-- TASK DATA follows --

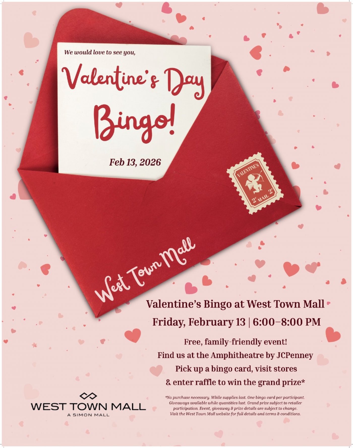 Celebrate Valentine’s weekend with a free, family-friendly experience at West Town Mall! Join us on Friday, February 13 from 6:00 to 8:00 PM for Valentine’s Bingo. Find us at the ampitheater by JCPenney, pick up a bingo card, visit participating stores to complete fun activities, and return your completed card for a chance to win prizes.
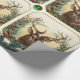 CHRISTMAS DEER,PINE CONES CROWN,GREEN GEMSTONES WRAPPING PAPER
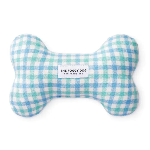 Cornflower Gingham Flannel Easter Dog Bone Squeaky Toy
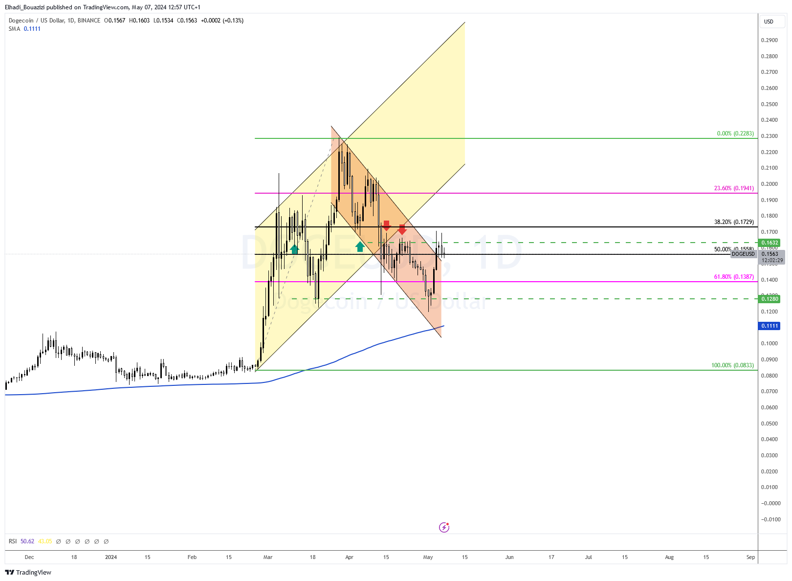على الرسم البياني الفني نلاحظ أن سعر دوجكوين DOGE قد كسر الحد العلوي للقناة السعرية الهابطة. التي كان يترحك فيها خلال الأسابيع الماضية و منذ نهاية شهر مارس عندما بلغ أعلى مستوياته منذ نوفمبر عام 2021.
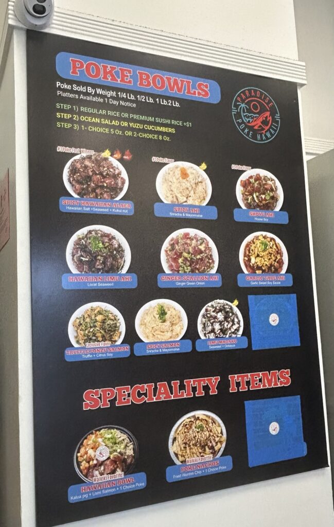 初めてこのパラダイスポケでポケ丼を買ったのが確か2年くらい前で、その日は金曜日だったので、ヒルトンハワイアンビレッジから上がる花火を見ながらToGoにして野外で食べたことを覚えています。
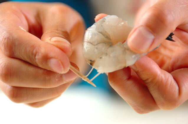 エビは殻と背ワタを取り除き、分量外の塩水で水洗いし、水気をきって塩をもみ込む。
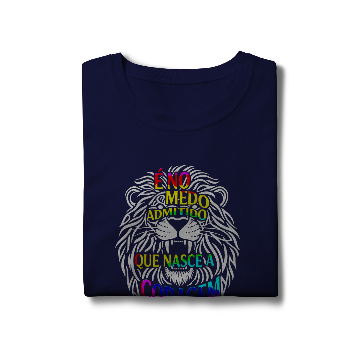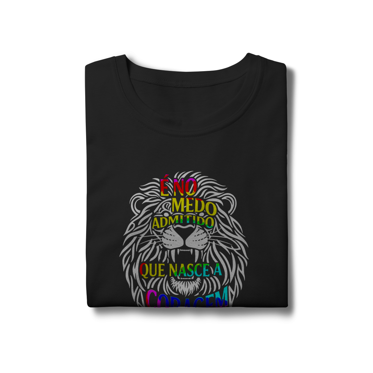 É NO MEDO ADMITIDO QUE NASCE A CORAGEM = A coragem não surge da ausência de medo, mas da decisão de reconhecê-lo. O leão formado por palavras simboliza essa transformação consciente que acontece quando escolhemos encarar desconfortos e amadurecer. Inspirada no livro O menino que vivia entre telas e pensamentos, esta estampa é um convite a enfrentar emoções, crescer com autenticidade e viver com verdadeira presença.
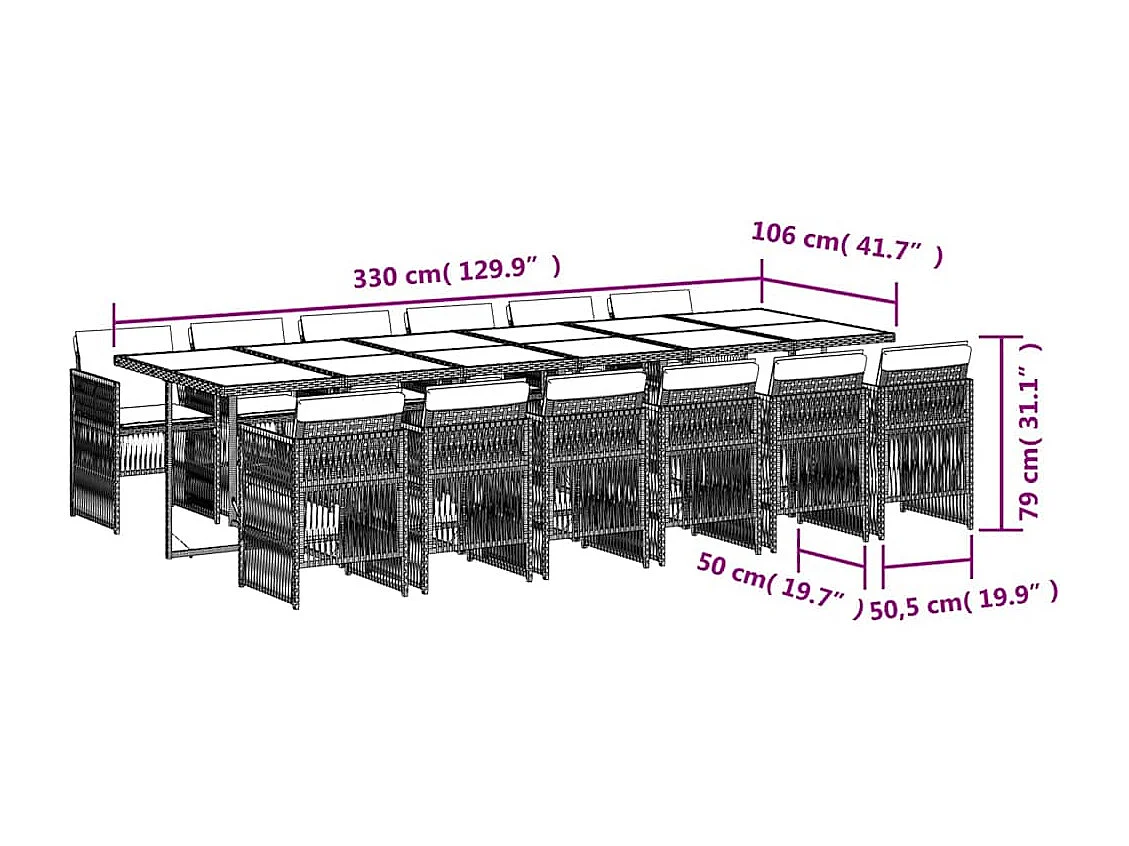 Ensemble à manger de jardin coussins 13 pcs mélange beige rotin
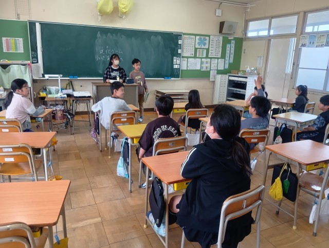 新しい縦割り班のグループで集まる「顔合わせの会」がありました。
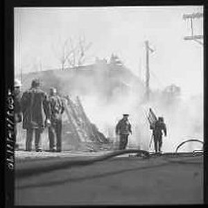 1955 - Fire at Arata Bros Market. Firemen mopping up. 4 of 5
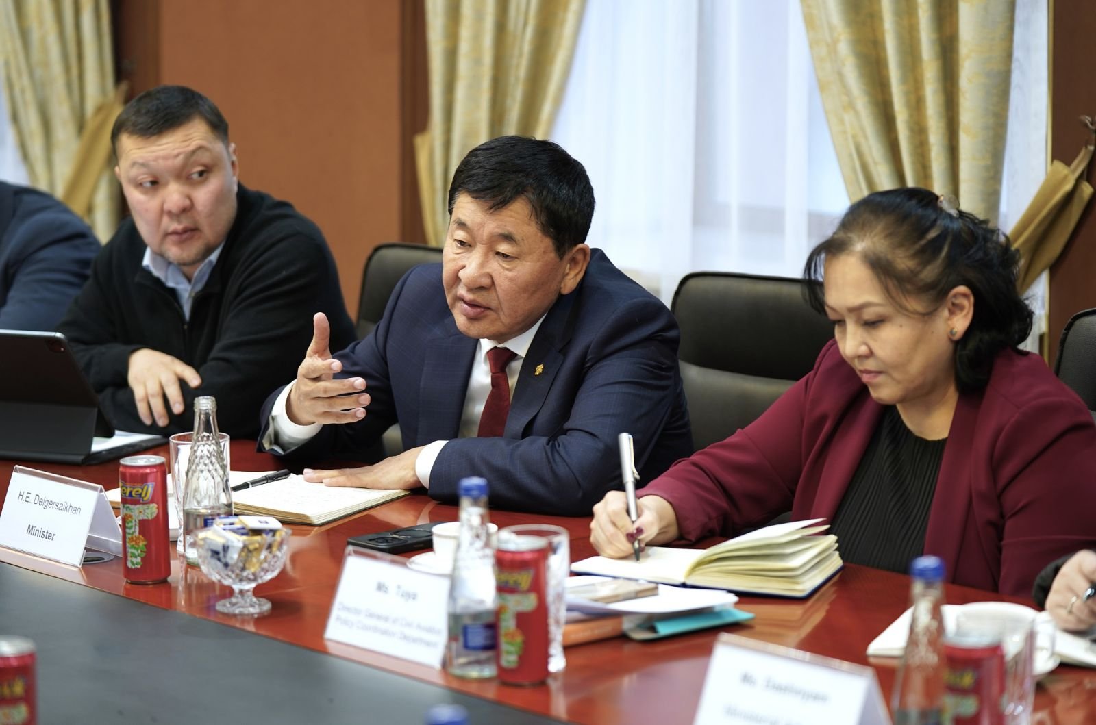 Зам, тээврийн сайд Б.Дэлгэрсайхан Япон улсын Элчин сайд Мсарү Игавахара тэргүүтэй төлөөлөгчдийг ажил хэрэгч уулзалт өрнүүлж, асуудлыг тухай бүрт нь шийдвэрлэхийн төлөө ажиллаж байгаад талархал илэрхийллээ. Мөн Монгол, Япон хоёр улсын хамтын ажиллагааг өргөжүүлэх хүрээнд олон том төсөл амжилттай хэрэгжиж байгаа ч манай улсад хөнгөлөлттэй зээлийн нөхцөлөөр баригдах гэж буй нисэх онгоцны буудлын өргөтгөлийн ажлыг хөндлөнгийн нөлөөлөл багатай, улстөржих, ашиг сонирхлын зөрчлөөс ангид байж, илүү хариуцлагатай, үр дүнтэй хэрэгжүүлэх үүднээс олон удаагийн уулзалт ярилцлагыг хийж, санал солилцож байгааг онцлон хэллээ.
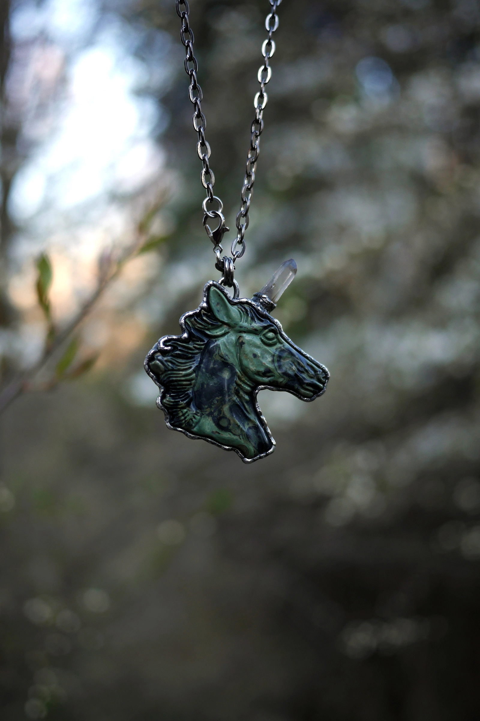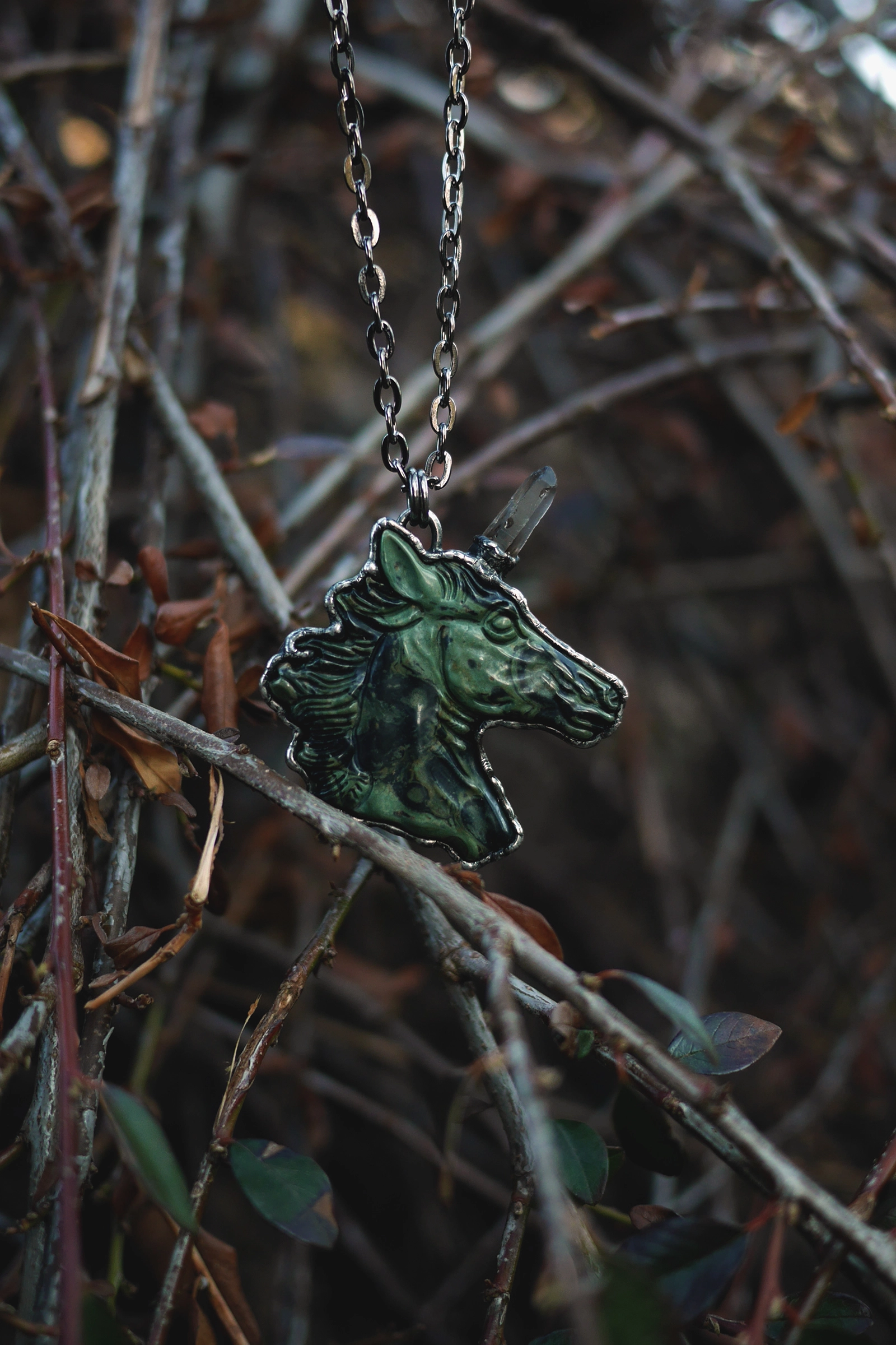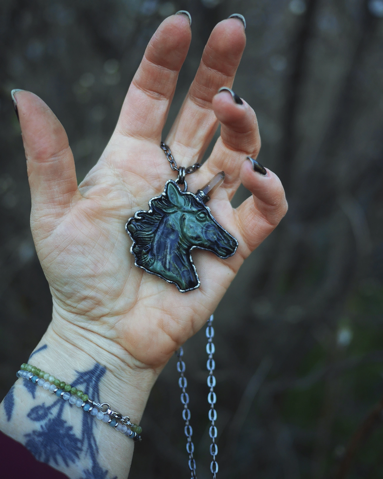 Kamień: rzeźbiony koń z jaspisu kambaba, surowy kwarc dymny.
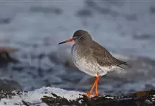 红脚鹬:体长28厘米,上体褐灰,下体白色,胸具褐色纵纹。飞行时腰部白色明显,次级飞羽具明显白色外缘。尾上具黑白色细斑。虹膜黑褐色,嘴长直而尖,基部橙红色,尖端黑褐色。脚较细长,亮橙红色,…全部>>
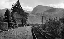 Banavie station opened along with the Mallaig Extension Railway on 1 April 1901.[5] It comprises a single platform on the north side of the line. The station was host to a LNER camping coach from 1936 to 1939.[6]
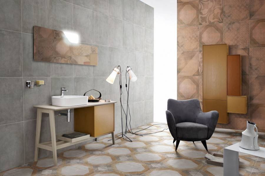 - Чтобы был единый стиль, следует выбирать напольную и настенную плитку из одной коллекции.
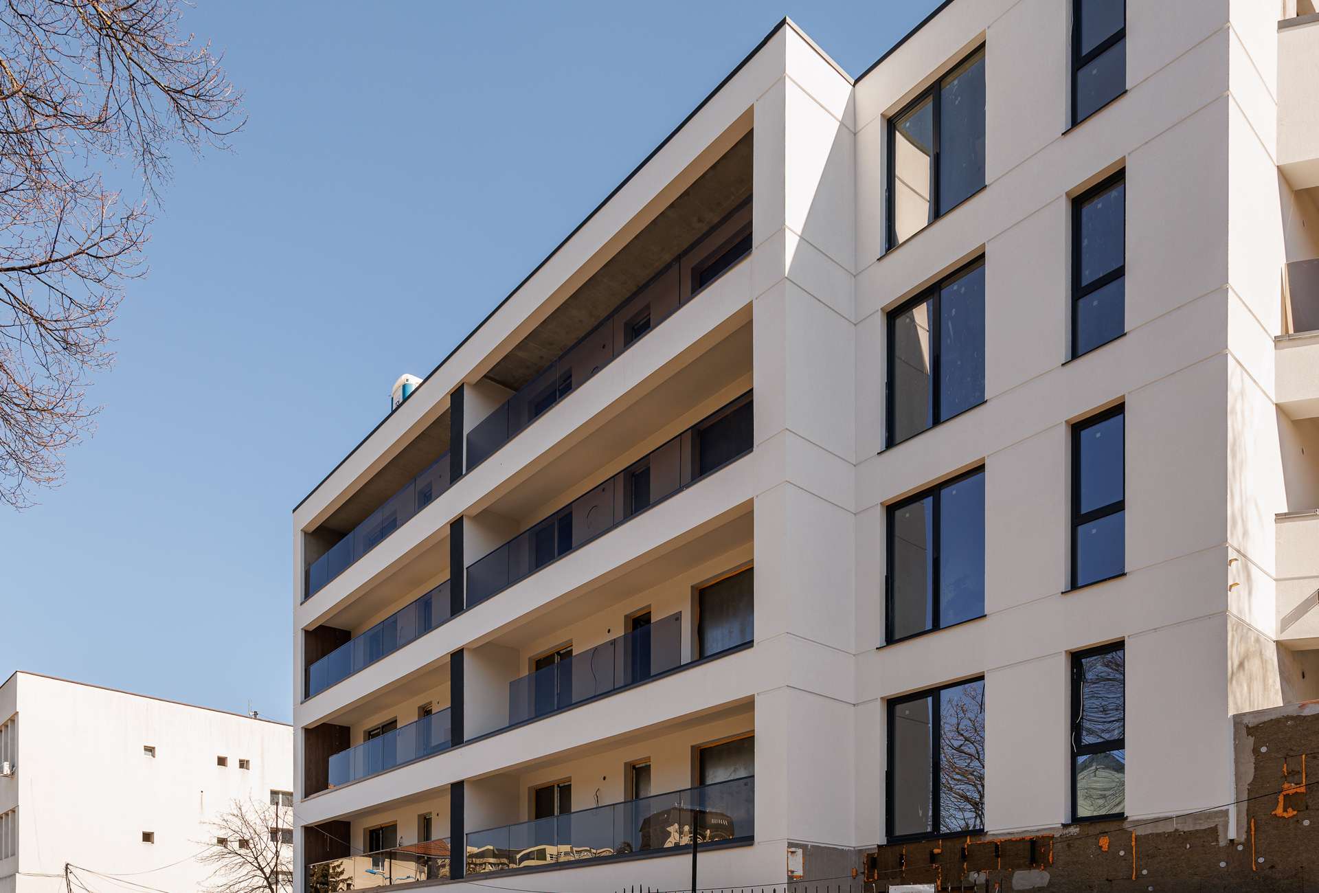 Placările cu Laminam pe balcoane sunt realizate la etajele 1–4.
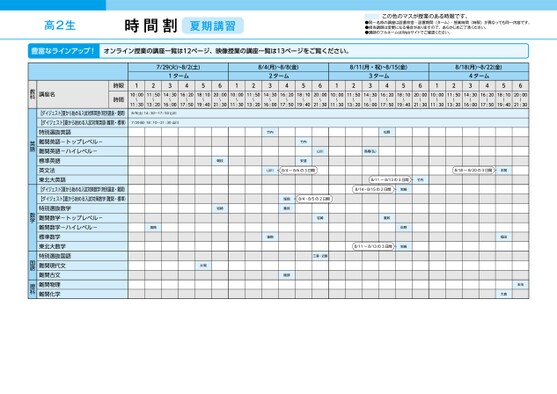高2生時間割夏期講習この色のマスが授業のある時限です。●同一名称の講座は設置校舎・設置期間(ターム)・授業時間(時限)が異なっても同一内容です。●担当講師は変更になる場合がありますので、あらかじめご了承ください。●講師のフルネームはWebサイトでご確認ください。豊富なラインアップ!オンライン授業の講座一覧は12ページ、映像授業の講座一覧は13ページをご覧ください。7/29(火)~8/2(土)1ターム431256128/4(月)~8/8(金)2ターム438/11(月・祝)~8/15(金)8/18(月)~8/22(金)56123ターム4356124ターム435610:0011:5014:3016:2018:1020:0010:0011:5014:3016:2018:1020:0010:0011:5014:3016:2018:1020:0010:0011:5014:3016:2018:1020:00〜〜〜〜〜〜〜〜〜〜〜〜〜〜〜〜〜〜〜〜〜〜〜〜11:3013:2016:0017:5019:4021:3011:3013:2016:0017:5019:4021:3011:3013:2016:0017:5019:4021:3011:3013:2016:0017:5019:4021:308/9(土)14:30〜17:50山川7/20(日)18:10〜21:30山川塩飽朝枝岩崎片岡竹内松野竹内安達山川高橋(弘)山川8/4~8/6の3日間8/18~8/20の3日間本間8/11~8/13の3日間竹内8/14・8/15の2日間岩崎重政佐野8/11~8/13の3日間岩崎塩飽8/4・8/5の2日間岩崎三浦・近藤塩飽重政服部福田玉虫大倉時限時間講座名教科【ダイジェスト】夏から始める入試対策英語(特別選抜・難関)【ダイジェスト】夏から始める入試対策英語(難関・標準)特別選抜英語難関英語-トップレベル-難関英語-ハイレベル-標準英語英文法東北大英語【ダイジェスト】夏から始める入試対策数学(特別選抜・難関)【ダイジェスト】夏から始める入試対策数学(難関・標準)特別選抜数学難関数学-トップレベル-難関数学-ハイレベル-標準数学東北大数学特別選抜国語難関現代文難関古文難関物理難関化学英語数学国語理科
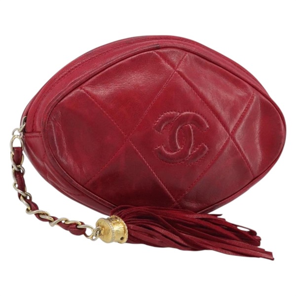 • シャネル CHANEL ポーチ マトラッセ ラムスキン レッド ゴールド レディース AMZ037A
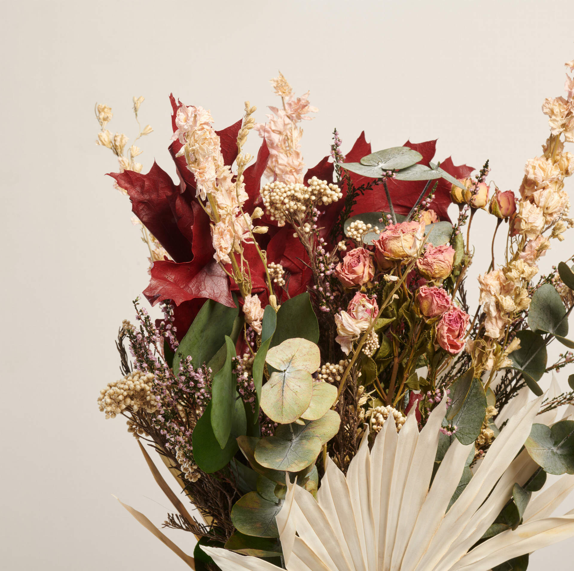Este ramo preservado otoñal esta elaborado con palmitos, Delphinium rosa, flor de arroz, Erika rosa, Rosas ramificadas, kerkus burdeos y Eucaliptos pópulos y cinérea.
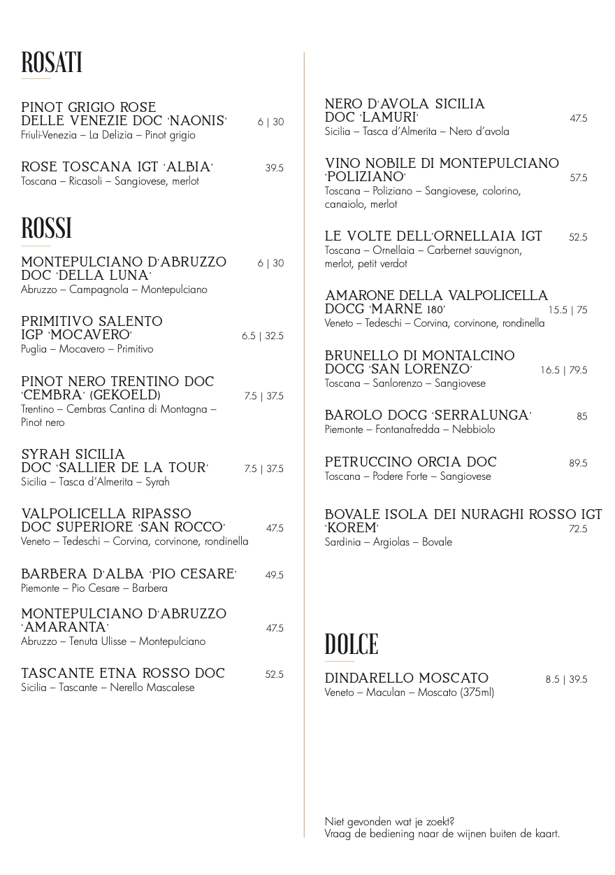 Als geliefd Italiaans restaurant in Haarlem bieden wij een verfijnde mix van traditionele smaken en moderne creativiteit. Onze menukaart wisselt met de seizoenen en barst van authentieke Italiaanse gerechten, van heerlijke aperitivo als focaccia genovese of bruschetta, tot gevulde gnocchi of risotto barbabietola als smaakvolle primi.

-- TASK DATA concluded --

» WHAT THE EXERCISE ASKS:
All lines above from the one containing "Cornflower Gingham Flannel" up to and including the one containing "新しい縦割り班のグループで集まる「顔合わせの会」がありました。" are to be set down exactly, and nothing else. Leave images out.

» TASK ANSWER:
 Cornflower Gingham Flannel Easter Dog Bone Squeaky Toy
على الرسم البياني الفني نلاحظ أن سعر دوجكوين DOGE قد كسر الحد العلوي للقناة السعرية الهابطة. التي كان يترحك فيها خلال الأسابيع الماضية و منذ نهاية شهر مارس عندما بلغ أعلى مستوياته منذ نوفمبر عام 2021.
 初めてこのパラダイスポケでポケ丼を買ったのが確か2年くらい前で、その日は金曜日だったので、ヒルトンハワイアンビレッジから上がる花火を見ながらToGoにして野外で食べたことを覚えています。
 エビは殻と背ワタを取り除き、分量外の塩水で水洗いし、水気をきって塩をもみ込む。
 É NO MEDO ADMITIDO QUE NASCE A CORAGEM = A coragem não surge da ausência de medo, mas da decisão de reconhecê-lo. O leão formado por palavras simboliza essa transformação consciente que acontece quando escolhemos encarar desconfortos e amadurecer. Inspirada no livro O menino que vivia entre telas e pensamentos, esta estampa é um convite a enfrentar emoções, crescer com autenticidade e viver com verdadeira presença.
 Ensemble à manger de jardin coussins 13 pcs mélange beige rotin
 新しい縦割り班のグループで集まる「顔合わせの会」がありました。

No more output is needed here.